RSV is a really good example of immunological memory. Immunological memory is really great because the first time you see the infection, it will probably cause a disease, but your immune response can remember that, and the next time you see that infection, you will get a milder form of the disease.

There is no vaccine for RSV, and our aim has been to try and understand why in New Zealand we’ve got such a high rate of severe RSV bronchiolitis, because our hospitalisation rate is about double that of other countries that are similar to New Zealand like Canada or Australia or the United States.

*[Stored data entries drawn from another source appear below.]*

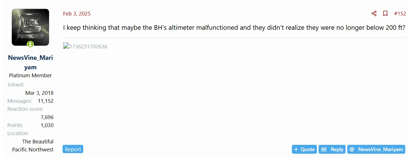 The impression I received from everything I was hearing & reading was that this was completely unexpected by both flight crews as well as air traffic control meaning this wasn't just a screwup. I had a sense that the Black Hawk pilot, for whatever reason, didn't realize that where she was, was way beyond the 200 foot ceiling restriction for helicopters in that area. This is what caused me to wonder if perhaps she was getting an erroneous reading from her altimeter.
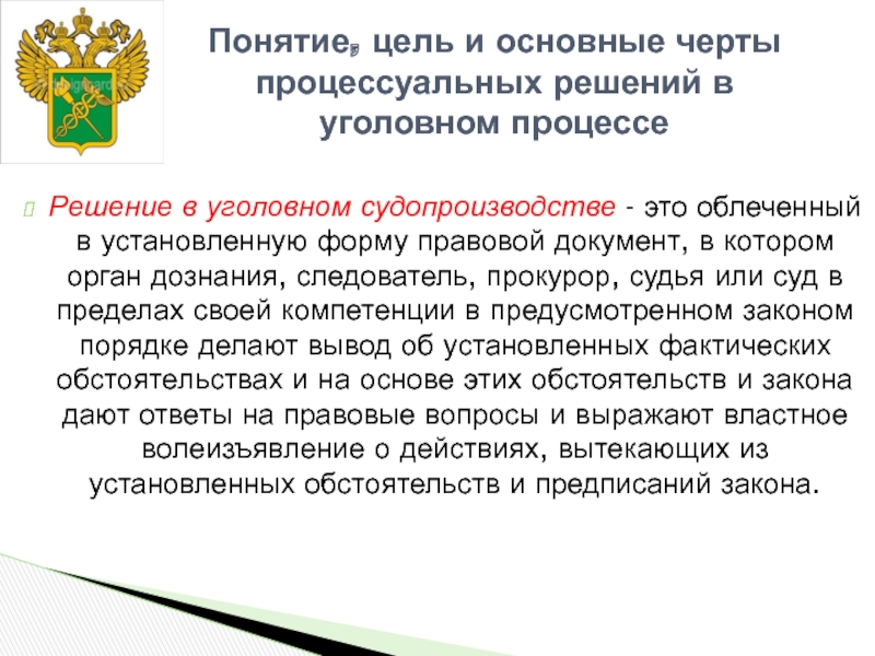 Понятие, цель и основные черты процессуальных решений в уголовном процессе
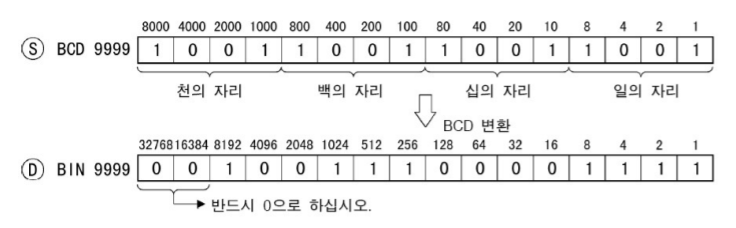 - 디바이스의 S`의 BIN 데이터를 BCD로 변환하여 지정된 디바이스 D`에 저장한다.
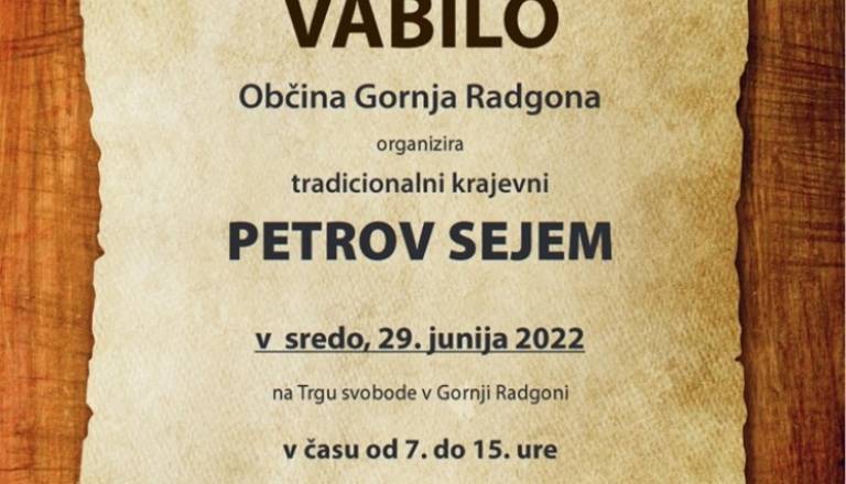 Tudi to leto bo na Trgu svobode v Gornji Radgoni potekal tradicionalni PETROV SEJEM, in sicer v sredo, 29. junija 2022, med 7.00 in 16.00. V ponudbi bodo ...
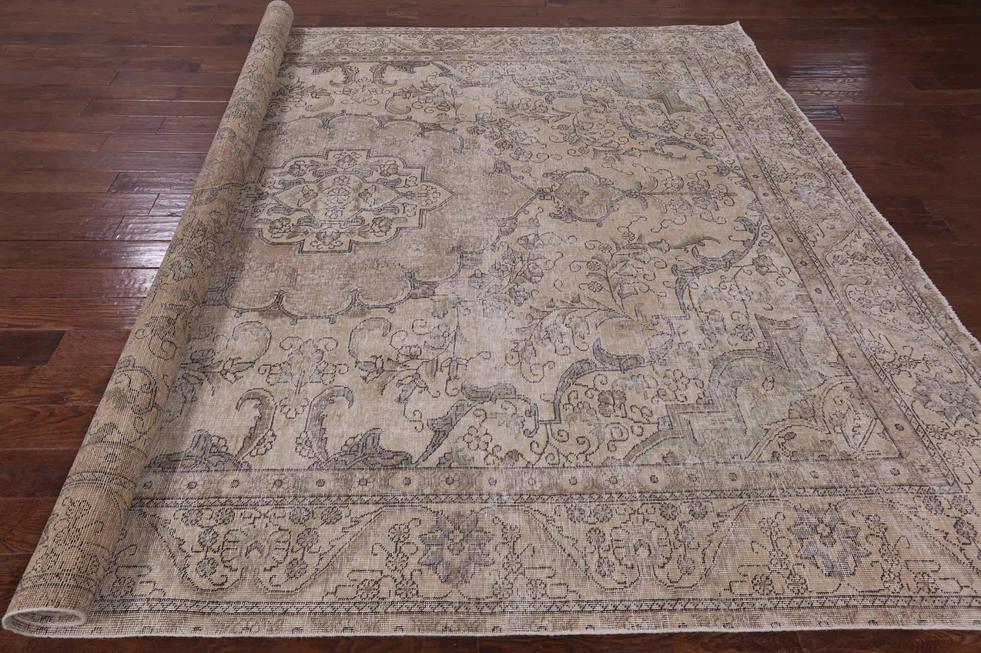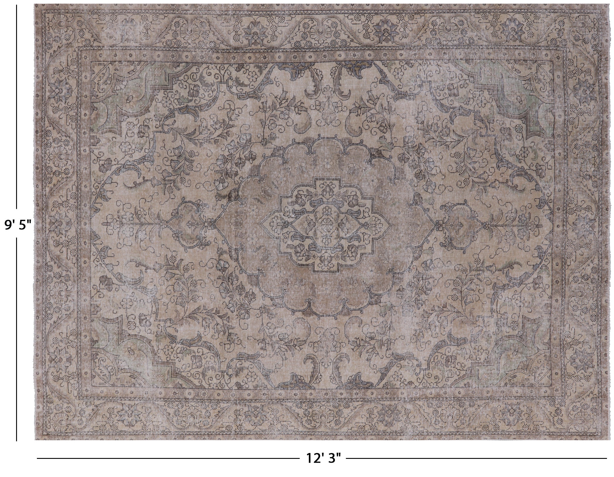 9' 5" X 12' 3" Persian Vintage White Wash Handmade Area Rug - Q1942
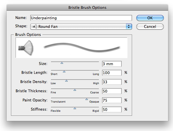 Create a new Bristle Brush by clicking the New Brush icon at the bottom of the Brushes panel. Choose Bristle as the type, then select the Round Fan. We want to go for a light wash effect, so make the size 10mm and adjust the opacity to somewhat transparent.
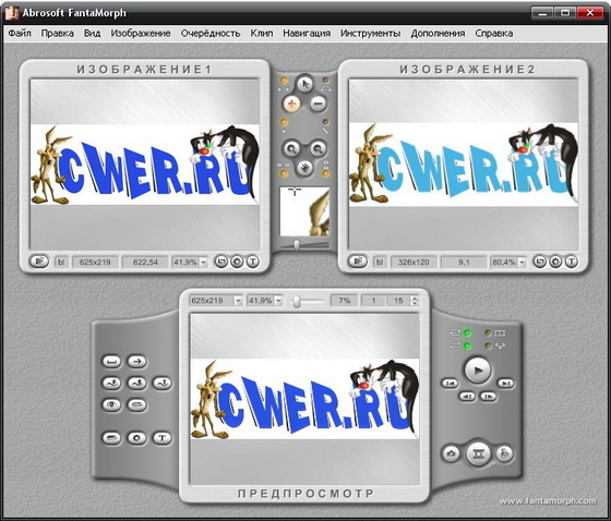 FantaMorph - программа для создания анимированных изображений с эффектом морфинга и различных деформаций изображений. С помощью этой программы вы сможете создавать удивительные анимированные изображения, с плавным переходом от одной фотографии к другой с применением различных эффектов и деформаций. Программа имеет большое количество предустановок эффекта, поддерживает импорт видео, а также имеет широкие возможности по настройке и улучшению качества изображений. Вы сможете обрезать, поворачивать, регулировать цвет, добавлять различные надписи и потрясающие эффекты с помощью встроенных инструментов для редактирования без необходимости в обращении за помощью к сторонним приложениям. Программой поддерживается большое количество графических форматов, включая BMP, JPEG, TIFF, PNG, GIF, TGA, PCX и другие. Результат вы сможете экспортировать в AVI формат, анимированный GIF, флэш, формат экранной заставки, автономный EXE файл и в другие форматы.

We are doing a collaborative study with another group in Wellington looking at vitamin D levels in children who are hospitalised with RSV. Because RSV like the flu tends to occur during the winter months, we think that, during the winter months, our vitamin D levels are really low because vitamin D needs to have sunlight to be converted to its active form in the body, and we can all – as a population – tend to be quite vitamin D deficient during winter, and that can make us susceptible to many diseases. And we are looking to see whether the children who have the severe RSV bronchiolitis are actually more vitamin D deficient than children who are able to fight off their infection in the community.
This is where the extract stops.